The Pentagon’s “independent” Defense Science Board Permanent Task Force on Nuclear Weapons Surety has completed a review of the Air Force’s efforts to improve the safety and proficiency of its nuclear bomber and missile units. The report comes three and a half years after the notorious incident at Minot Air Base where six nuclear cruise missiles were mistakenly loaded onto a B-52H bomber and flown across the United States.

The report, Independent Assessment of the Air Force Nuclear Enterprise, finds progress has been made but also identifies some serious issues that still need to be fixed. Some of them are surprising.

Inspections Gone Amok

The most important finding is probably that the nuclear inspection system following Minot has gone amok and in some cases become counterproductive. The number and scope of inspections were increased in response to the incident, but now they have become so frequent and widely applied that nuclear units have neither the time nor resources to correct the deficiencies that are actually identified. Instead the inspection system needs to be limited and focused on where the problems are.

It is natural that leadership will want to demonstrate rigorous efforts to correct deficiencies after a serious incident like Minot by beefing up inspections and exercises as proof that they’re taking things seriously. But this has resulted in a continuous and across-the-board level of inspections and exercise activity that part of the Air Force leadership sees as needed “until a zero-defect culture can be reestablished.”
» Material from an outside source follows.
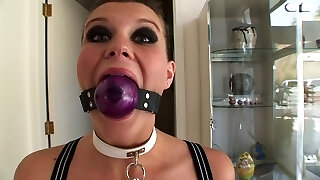 Skanky hoe in spectacular dress with a ball gag deserves a good punishment

In reality there has probably never been a zero-defect situation and, when overdone, the high level of inspections and exercises lead to an unrealistic zero-risk mindset. In other words, the leadership needs to cultivate a realistic inspection culture that is focused on detecting and correcting defects rather than expecting to eliminate them.

Over-focus on zero-defect can create distrust in the lower ranks that the leadership doesn’t trust them to perform professionally. This is, the DSB report bluntly concludes, “creating a leadership mindset where satisfying a Nuclear Surety Inspection team, for example, can supplant, or at least compete with, focus on readiness to perform the assigned nuclear mission.”

And nuclear inspection excess combined with multiple over-laying agencies and organizations can create bizarre situations such as in the case of inspections of Munitions Support Squadrons (MUNSSs) in Europe where it is not uncommon to have 80-90 inspectors examining a unit with a total manning of less than 150 personnel.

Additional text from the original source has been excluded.